---------- EXTRACTED DATA ----------

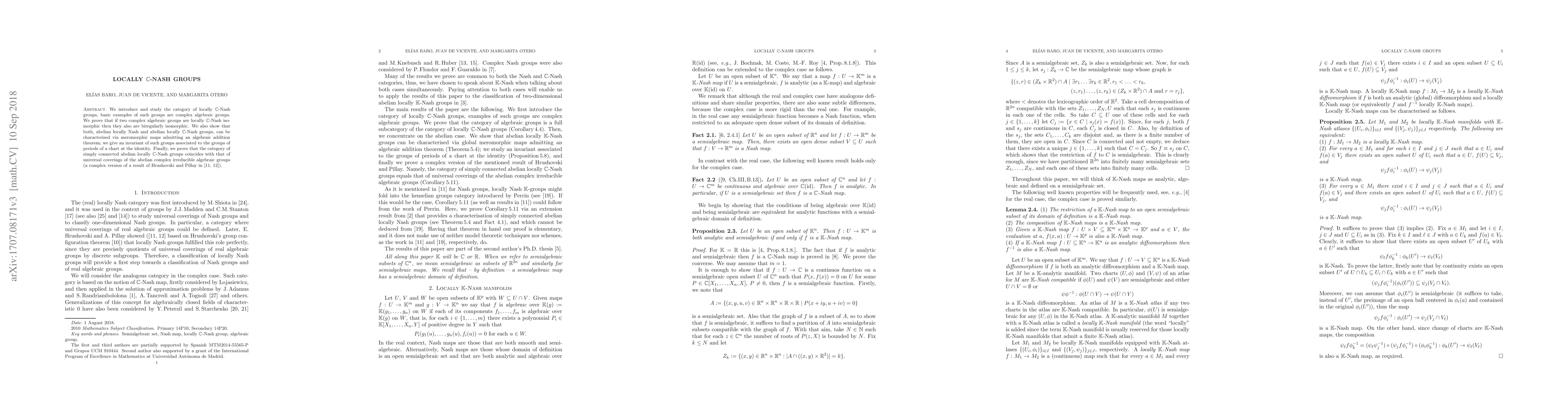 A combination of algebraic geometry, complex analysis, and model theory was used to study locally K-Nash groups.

----------
---------- EXTRACTED DATA ----------

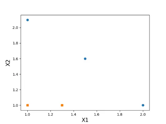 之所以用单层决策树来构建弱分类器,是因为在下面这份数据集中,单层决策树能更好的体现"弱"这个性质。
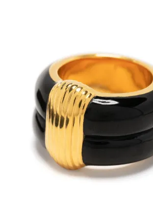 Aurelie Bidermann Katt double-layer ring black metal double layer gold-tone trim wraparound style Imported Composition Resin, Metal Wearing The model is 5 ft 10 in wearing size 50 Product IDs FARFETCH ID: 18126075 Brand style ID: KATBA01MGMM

----------
---------- EXTRACTED DATA ----------

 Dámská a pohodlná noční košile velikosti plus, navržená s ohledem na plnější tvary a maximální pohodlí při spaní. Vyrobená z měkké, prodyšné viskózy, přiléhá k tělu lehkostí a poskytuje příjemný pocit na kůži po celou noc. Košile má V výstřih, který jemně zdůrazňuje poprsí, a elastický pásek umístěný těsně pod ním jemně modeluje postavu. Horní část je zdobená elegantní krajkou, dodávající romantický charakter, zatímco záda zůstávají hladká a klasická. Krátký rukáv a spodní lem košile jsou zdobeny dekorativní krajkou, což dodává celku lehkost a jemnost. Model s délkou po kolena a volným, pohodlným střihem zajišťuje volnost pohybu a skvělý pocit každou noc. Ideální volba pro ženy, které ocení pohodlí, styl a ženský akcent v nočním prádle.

----------

§ **EXERCISE**
Beginning at the line above that contains "之所以用单层决策树来构建弱分", repeat each line exactly through the one that contains "Aurelie Bidermann Katt", and leave out the pictures.

§ **FINISHED EXERCISE**
 之所以用单层决策树来构建弱分类器,是因为在下面这份数据集中,单层决策树能更好的体现"弱"这个性质。
 Aurelie Bidermann Katt double-layer ring black metal double layer gold-tone trim wraparound style Imported Composition Resin, Metal Wearing The model is 5 ft 10 in wearing size 50 Product IDs FARFETCH ID: 18126075 Brand style ID: KATBA01MGMM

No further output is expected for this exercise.